Work required
Copy the data exactly from the line that contains "Красавица снялась на" through the line that contains "- Vases, Books, and", keeping both end lines and leaving out everything else.

Record excerpts
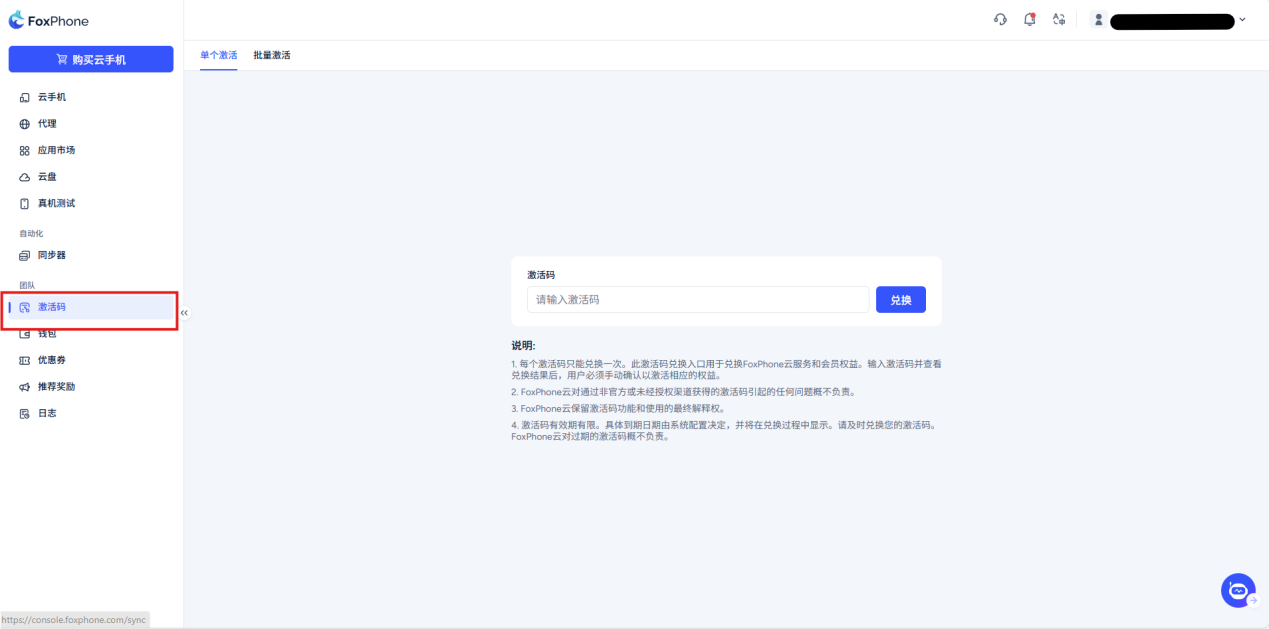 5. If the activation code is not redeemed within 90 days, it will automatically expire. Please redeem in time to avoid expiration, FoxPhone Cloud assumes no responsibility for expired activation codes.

...

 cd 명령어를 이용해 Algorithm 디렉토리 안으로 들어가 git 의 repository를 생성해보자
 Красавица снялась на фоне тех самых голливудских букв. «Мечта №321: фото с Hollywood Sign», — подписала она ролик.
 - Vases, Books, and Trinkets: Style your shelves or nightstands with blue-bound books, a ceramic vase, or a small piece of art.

---

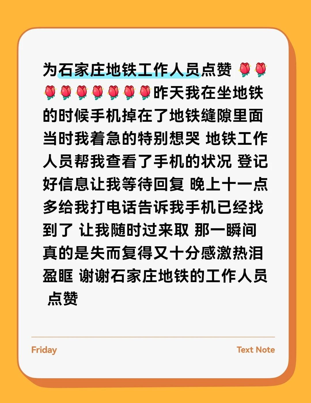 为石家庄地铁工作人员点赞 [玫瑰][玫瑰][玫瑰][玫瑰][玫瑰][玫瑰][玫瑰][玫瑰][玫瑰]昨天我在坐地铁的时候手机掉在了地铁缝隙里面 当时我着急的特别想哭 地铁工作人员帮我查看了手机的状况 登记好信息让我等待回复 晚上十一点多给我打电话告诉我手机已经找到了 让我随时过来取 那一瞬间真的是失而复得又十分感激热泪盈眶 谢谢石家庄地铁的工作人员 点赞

Solution for this task
 Красавица снялась на фоне тех самых голливудских букв. «Мечта №321: фото с Hollywood Sign», — подписала она ролик.
 - Vases, Books, and Trinkets: Style your shelves or nightstands with blue-bound books, a ceramic vase, or a small piece of art.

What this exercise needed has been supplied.